HOW TO COMPLETE THIS TASK: In the entries below, find the line with "La AIE proyectaba" and the line with "ぱんだ組さんも楽しみました!". Repeat exactly everything between them, those two lines included, but not the pictures.

SOURCE RECORDS:
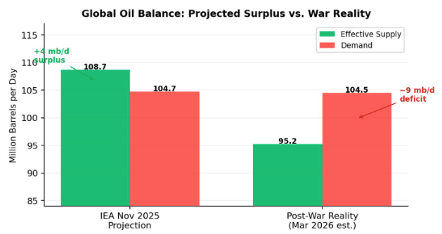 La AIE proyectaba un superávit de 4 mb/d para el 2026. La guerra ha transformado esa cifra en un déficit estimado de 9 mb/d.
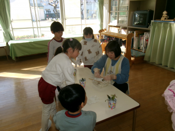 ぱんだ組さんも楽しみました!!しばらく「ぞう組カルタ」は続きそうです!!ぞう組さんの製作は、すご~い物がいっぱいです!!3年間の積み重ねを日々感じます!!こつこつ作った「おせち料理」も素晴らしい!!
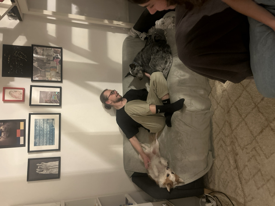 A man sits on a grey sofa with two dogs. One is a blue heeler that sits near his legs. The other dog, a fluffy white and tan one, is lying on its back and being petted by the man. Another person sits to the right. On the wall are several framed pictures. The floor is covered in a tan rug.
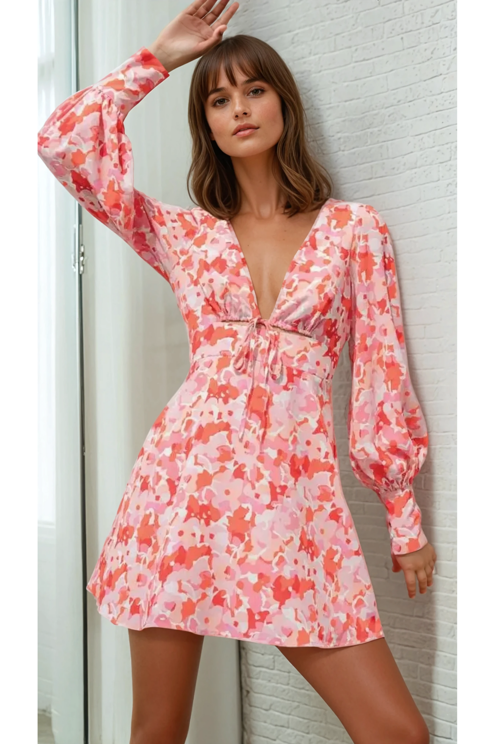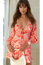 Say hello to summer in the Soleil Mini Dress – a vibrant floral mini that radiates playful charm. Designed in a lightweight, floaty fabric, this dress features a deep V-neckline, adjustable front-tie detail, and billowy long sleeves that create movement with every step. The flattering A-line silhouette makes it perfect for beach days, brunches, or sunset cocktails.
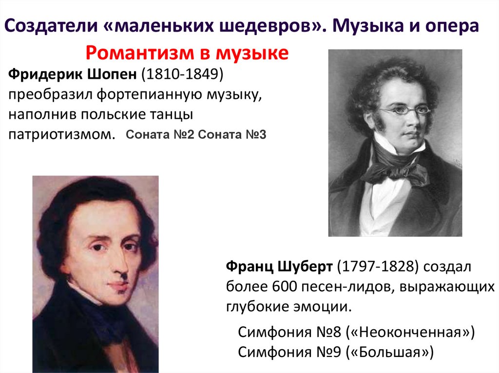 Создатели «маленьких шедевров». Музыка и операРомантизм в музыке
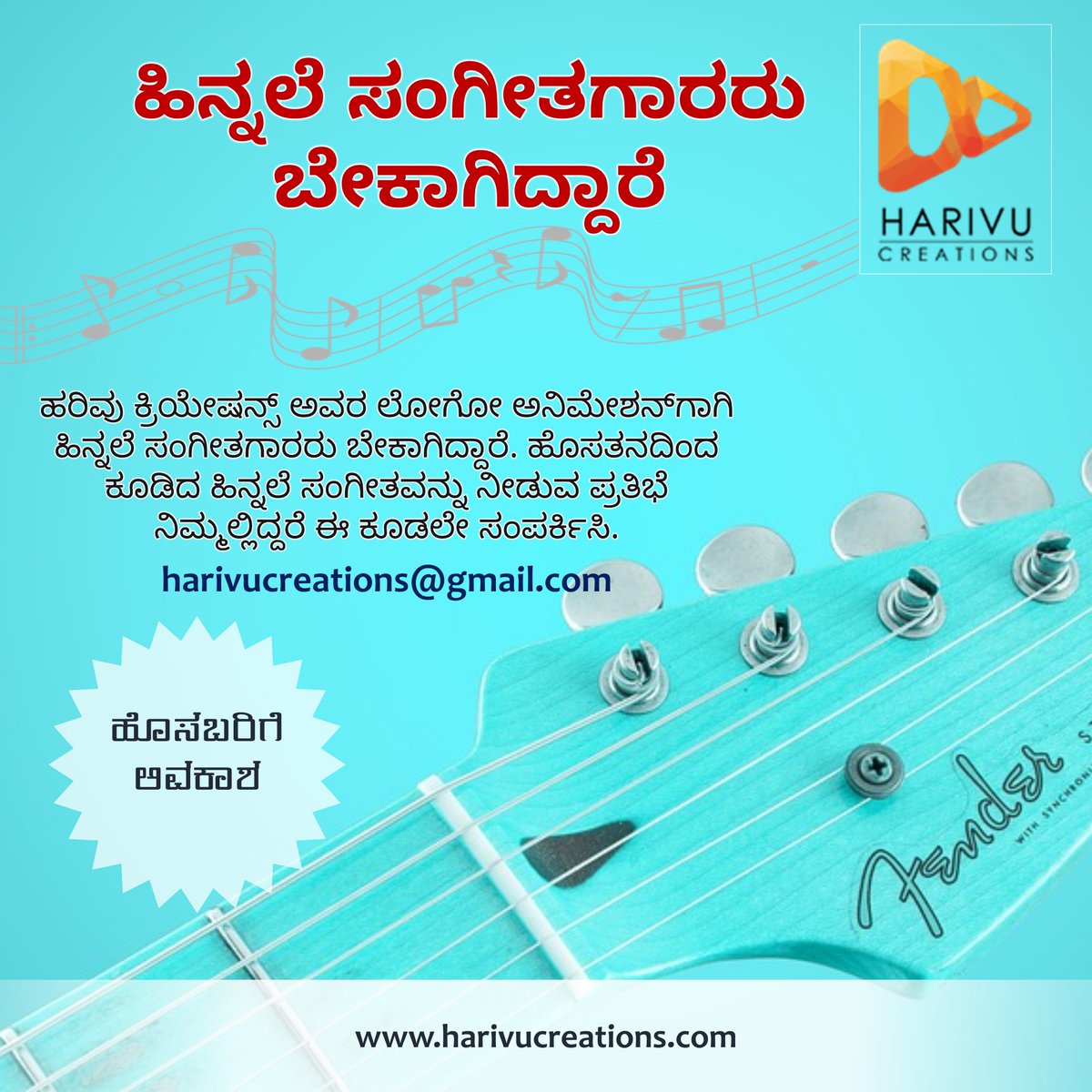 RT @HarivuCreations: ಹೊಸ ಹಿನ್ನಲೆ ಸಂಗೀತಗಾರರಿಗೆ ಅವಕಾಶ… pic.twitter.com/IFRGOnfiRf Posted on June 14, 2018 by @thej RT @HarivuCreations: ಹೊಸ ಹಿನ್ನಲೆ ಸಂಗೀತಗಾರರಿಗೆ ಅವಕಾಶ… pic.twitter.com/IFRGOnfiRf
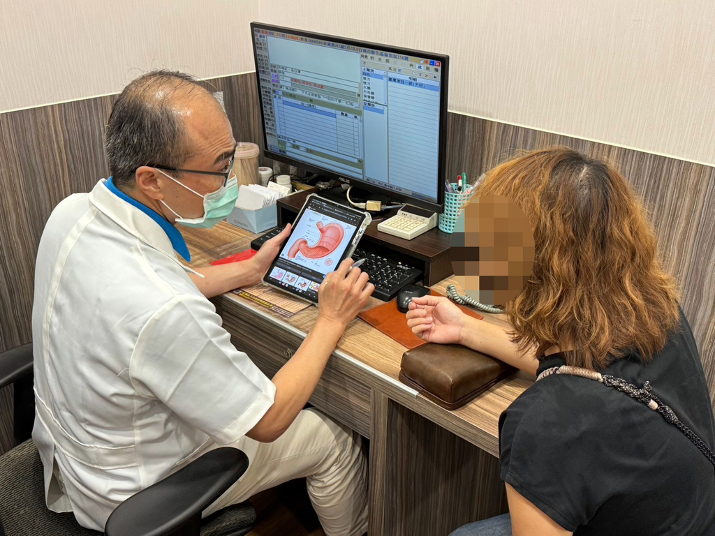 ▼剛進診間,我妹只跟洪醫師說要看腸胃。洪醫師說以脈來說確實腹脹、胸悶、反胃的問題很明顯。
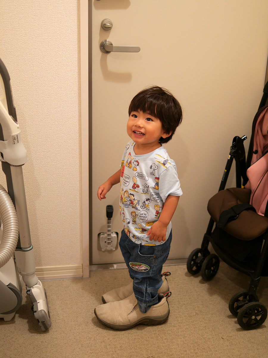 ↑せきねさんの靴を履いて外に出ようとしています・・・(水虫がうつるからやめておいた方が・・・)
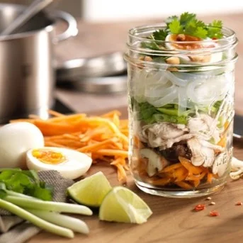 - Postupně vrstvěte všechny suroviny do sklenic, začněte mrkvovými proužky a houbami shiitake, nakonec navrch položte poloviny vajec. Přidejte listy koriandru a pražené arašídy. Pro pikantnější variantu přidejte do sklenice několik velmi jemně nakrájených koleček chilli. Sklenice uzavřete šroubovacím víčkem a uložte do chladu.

* * *

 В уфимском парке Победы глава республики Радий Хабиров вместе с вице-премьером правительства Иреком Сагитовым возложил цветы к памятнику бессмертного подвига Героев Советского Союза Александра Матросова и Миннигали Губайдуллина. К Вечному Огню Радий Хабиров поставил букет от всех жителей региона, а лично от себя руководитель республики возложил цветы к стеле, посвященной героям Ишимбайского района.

* * *

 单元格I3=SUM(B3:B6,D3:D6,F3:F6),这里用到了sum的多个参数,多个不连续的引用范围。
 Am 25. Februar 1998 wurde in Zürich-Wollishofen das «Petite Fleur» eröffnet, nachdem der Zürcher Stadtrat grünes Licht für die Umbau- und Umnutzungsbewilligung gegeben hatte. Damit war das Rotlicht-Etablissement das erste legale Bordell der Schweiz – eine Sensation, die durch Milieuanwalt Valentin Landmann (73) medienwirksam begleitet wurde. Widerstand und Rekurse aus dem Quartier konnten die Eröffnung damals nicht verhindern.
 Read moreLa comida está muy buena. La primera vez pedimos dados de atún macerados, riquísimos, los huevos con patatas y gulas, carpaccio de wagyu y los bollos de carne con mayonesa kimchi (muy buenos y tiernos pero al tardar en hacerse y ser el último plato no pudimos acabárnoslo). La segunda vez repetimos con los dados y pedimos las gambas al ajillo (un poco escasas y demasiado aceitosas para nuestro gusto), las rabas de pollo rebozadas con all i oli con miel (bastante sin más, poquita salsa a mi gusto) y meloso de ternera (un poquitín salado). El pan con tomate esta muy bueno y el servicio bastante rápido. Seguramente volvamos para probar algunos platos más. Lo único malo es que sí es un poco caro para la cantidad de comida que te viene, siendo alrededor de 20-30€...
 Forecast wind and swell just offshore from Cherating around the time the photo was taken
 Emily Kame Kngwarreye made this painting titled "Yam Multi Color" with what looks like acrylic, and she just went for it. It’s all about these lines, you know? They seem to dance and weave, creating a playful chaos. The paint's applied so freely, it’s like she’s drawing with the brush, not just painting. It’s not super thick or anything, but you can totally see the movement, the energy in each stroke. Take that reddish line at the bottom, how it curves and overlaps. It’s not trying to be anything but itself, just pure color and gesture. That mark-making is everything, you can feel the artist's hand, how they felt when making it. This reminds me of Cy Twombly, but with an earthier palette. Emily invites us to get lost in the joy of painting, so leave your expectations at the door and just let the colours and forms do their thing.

FINISHED TASK:
 La AIE proyectaba un superávit de 4 mb/d para el 2026. La guerra ha transformado esa cifra en un déficit estimado de 9 mb/d.
 ぱんだ組さんも楽しみました!!しばらく「ぞう組カルタ」は続きそうです!!ぞう組さんの製作は、すご~い物がいっぱいです!!3年間の積み重ねを日々感じます!!こつこつ作った「おせち料理」も素晴らしい!!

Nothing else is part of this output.